Mask R-CNN for TPU on Google Colab - google-colaboratory

We are trying to build an image segmentation deep learning model using Google Colab TPU. Our model is Mask R-CNN.
TPU_WORKER = 'grpc://' + os.environ['COLAB_TPU_ADDR']
import tensorflow as tf
tpu_model = tf.contrib.tpu.keras_to_tpu_model(
model.keras_model,
strategy=tf.contrib.tpu.TPUDistributionStrategy(
tf.contrib.cluster_resolver.TPUClusterResolver(TPU_WORKER)))

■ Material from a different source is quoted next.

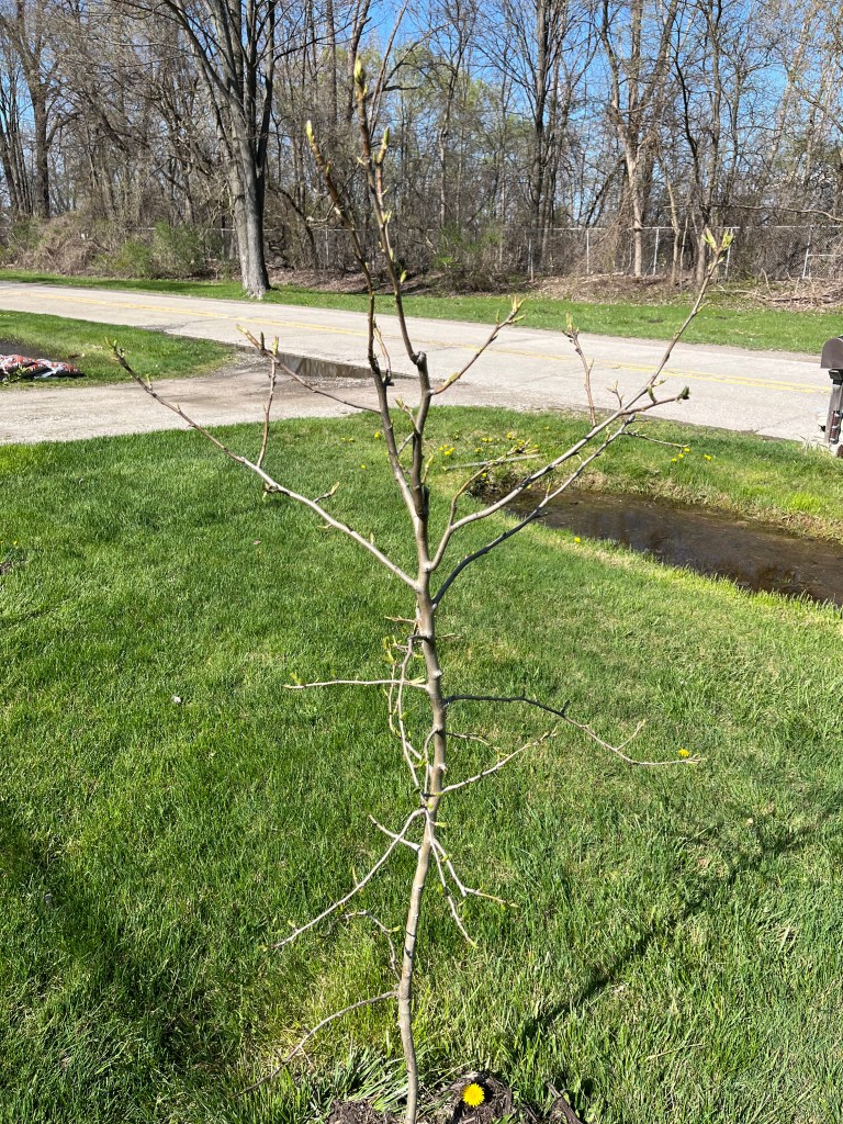 Planted August, 2023, this crooked and spindly tree looks like an abstract sculpture. These bulbous pears should be, soft and juicy… hopefully.
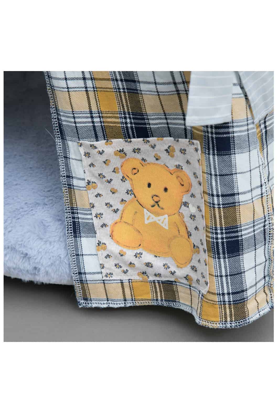 Dispone di nastro in pizzo a rete e nastro di seta italiana e Patchwork Honey Bear applicato sulla facciata

However I am running into issues while converting our Mask R-CNN model to TPU model as pasted below.
ValueError:
Layer <keras.engine.topology.InputLayer object at 0x7f58574f1940> has a
variable shape in a non-batch dimension. TPU models must
have constant shapes for all operations.
You may have to specify `input_length` for RNN/TimeDistributed layers.
Layer: <keras.engine.topology.InputLayer object at 0x7f58574f1940>
Input shape: (None, None, None, 3)
Output shape: (None, None, None, 3)
Appreciate any help.

Google recently released a tutorial on getting Mask R-CNN going on their TPUs. For this, they are using an experimental model for Mask RCNN on Google's TPU github repository (under models/experimental/mask_rcnn). Looking through the code, it looks like they define the model with a fixed input size to overcome the issue you are seeing.

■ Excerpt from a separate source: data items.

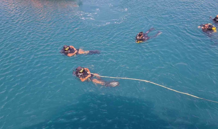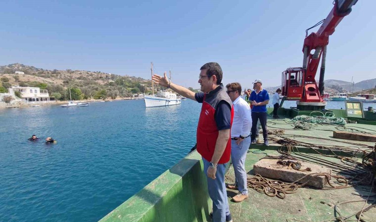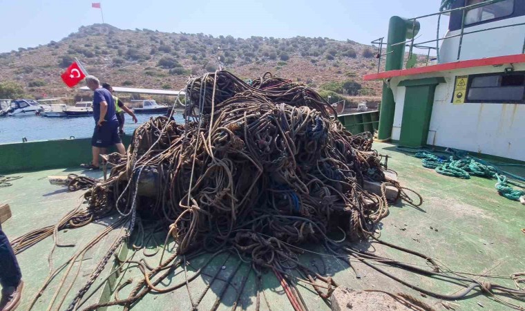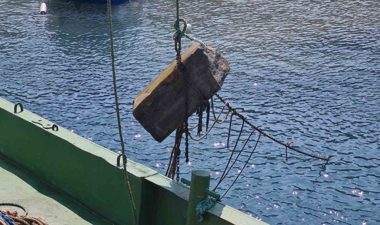 Muğla’nın Bodrum ilçesinde yasadışı yollarla denizin dibine yerleştirilen 20 ton tonoz, çapa ve halat, denizden uzaklaştırıldı.
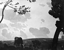 He attained early notoriety as a landscape painter for works influenced by Japanese art, and often featuring birds and animals.[7] Among these was On the Valley, exhibited at PAFA in 1916:
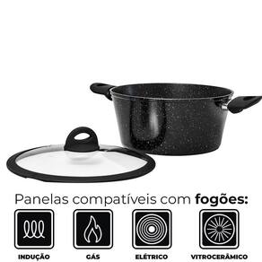 Características: Marca: Casambiente Referência: AL195 Modelo: Viena Full Black Material da Panela: Alumínio Material do Cabo: Baquelite Soft-touch Material da Tampa: Vidro Temperado com borda em silicone Espessura: 2,5mm Cor: Preto Quantidade: 1 peça
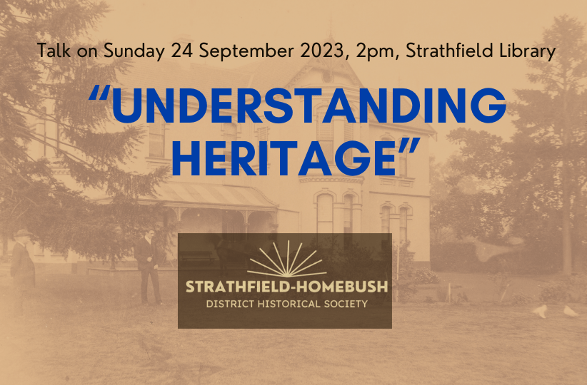 A talk ‘Understanding Heritage’ will be held at 2pm Sunday 24 September by Strathfield’s Council’s Heritage Advisor.
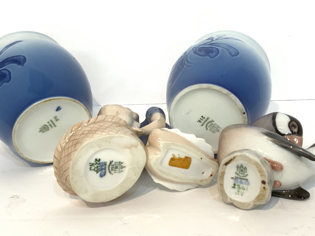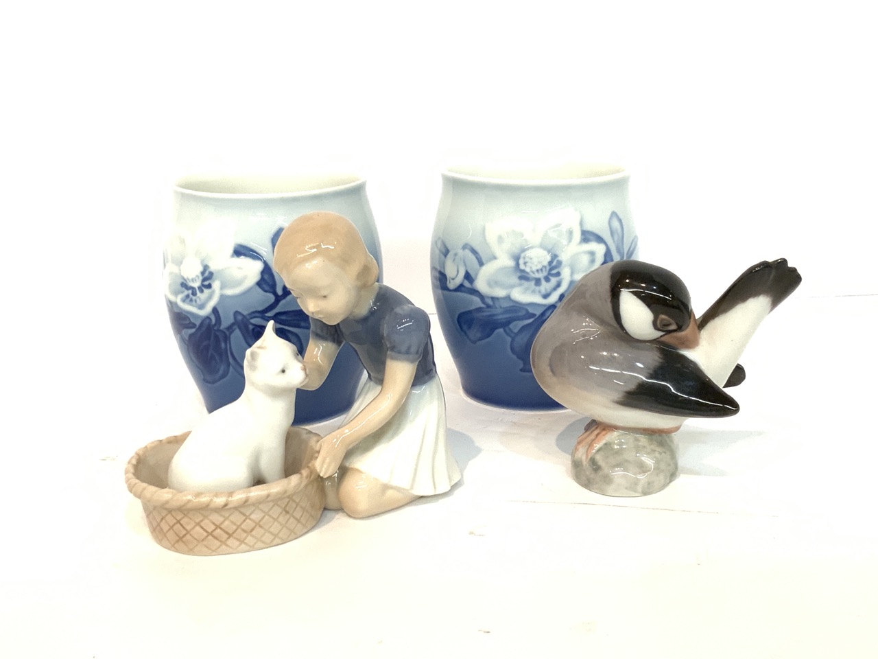 Four Bing And Grondahl B&G figurines and curio cabinet size vases.

See below for more explanation:
As #aman2930 points out, the shape of your input tensor is not static. This won't work because Tensorflow compiles models with XLA to use a TPU and XLA must have all tensor shapes defined at compile time. In the link above, the website specifically calls this out:
Static shapes
During regular usage TensorFlow attempts to determine the shapes of each tf.Tensor during graph construction. During
execution any unknown shape dimensions are determined dynamically, see
Tensor Shapes for more details.
To run on Cloud TPUs TensorFlow models are compiled using XLA. XLA
uses a similar system for determining shapes at compile time. XLA
requires that all tensor dimensions be statically defined at compile
time. All shapes must evaluate to a constant, and not depend on
external data, or stateful operations like variables or a random
number generator.
That side, further down the document, they mention that the input function is run on the CPU, so isn't limited by static XLA sizes. They point to batch size being the issue, not image size:
Static shapes and batch size
The input pipeline generated by your
input_fn is run on CPU. So it is mostly free from the strict static
shape requirements imposed by the XLA/TPU environment. The one
requirement is that the batches of data fed from your input pipeline
to the TPU have a static shape, as determined by the standard
TensorFlow shape inference algorithm. Intermediate tensors are free to
have a dynamic shapes. If shape inference has failed, but the shape is
known it is possible to impose the correct shape using tf.set_shape().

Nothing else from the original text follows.